Het aanbod ligt er…
What are the challenges faced by the Internet Archive regarding the digitization of books?
There are two big problems: there is going and building a digital collection, either by digitizing materials or buying electronic books. And the other is: how do you make this available, especially the in-copyright works? For digitizing books, it costs about 10 cents a page to do a beautiful rendition of a book. So, for approximately 30 dollars a book for 300 pages you can do a gorgeous job. Google does it much more quickly and it costs only about 5 dollars for each book. So it really is much less expensive in less quality, but they are able to do things at scale. We digitize about 1000 books every day in 23 scanning centers in six countries. We will set up scanning centers anywhere, or, if there are people that would like to staff the scanners themselves, we provide the scanners and all of the backend processing for free, until we run out of scanners and we’ve got a bunch of them. So we’re looking either for people that want to scan their own collections by providing there own labour or they can employ us to do it and all told it is 10 cent a page to complete. (…)
Are there already cooperations between European libraries and the Internet Archive, and are scanners already located in Europe which could be used for digitization projects in university or national libraries?
Yes, we have scanners now in London and in Edinburgh – the Natural History Museum and the national library – where we are digitizing now. We would like to have more scanners in more places so that anybody that would be willing to staff one, keep it busy for 40 hours each week, we will provide all of the technology for free or we can go and cooperate and we can hire the people and operate these scanning centers. We find that scanning centers – i.e. 10 scanners – can scan 30.000 books in a year and it costs about 10 cents a page. It is very efficient and very high quality. This is including fold outs and difficult materials as well. And it is working right within the libraries, so the librarians have real access to how the whole process is going and what is digitized. It is really up to the libraries. The idea is to get the libraries online as quickly as possible and without the restrictions that come with corporations. (…)

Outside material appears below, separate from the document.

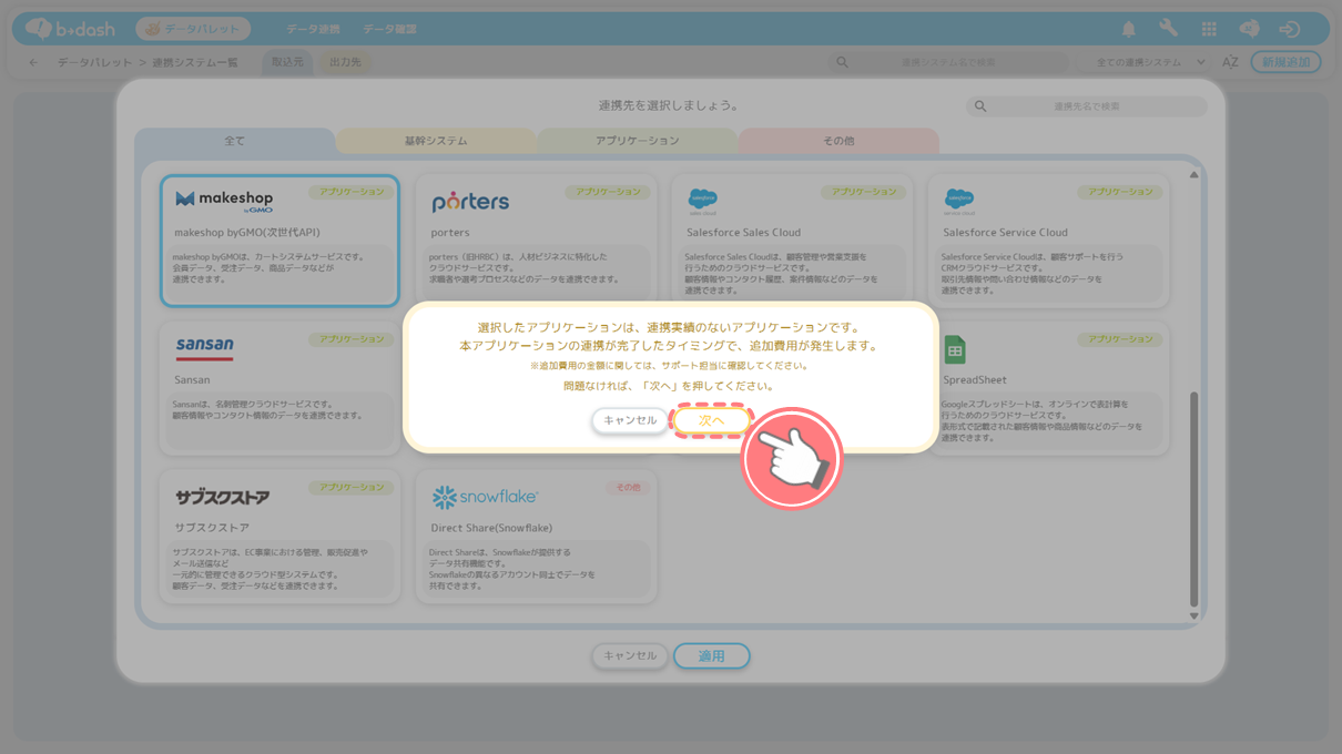 「makeshop(次世代API)」を選択し、「適用」をクリックします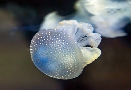 Marble jellyfish, Lychnorhiza lucerna jellyfish drifting gracefully in deep blue water of aquarium. Animal, aquatic organism, underwater life, biodiversity

You mentioned Google Books. There are agreements between libraries and Google for digitizing materials. What are the benefits for libraries of choosing the Internet Archive over Google Books?
Google offers to cover the costs of the labor to do the digitization, but the libraries that participated ended up paying a very large amount of money just trying to prepare the books and get them to Google. Often they spent more working with Google than they would have with the Internet Archive, and in the latter case they do not have restrictions on their materials. So Google digitizes even public domain materials and then puts restrictions on their re-use. Everybody that says that it is open has got to mean something bizarre by ‘open’. You can not go and take hundreds of these and move them to another server, it is against the law and Google will stop libraries that try to make these available to people and moving the books from place to place, so this is quite unfortunate.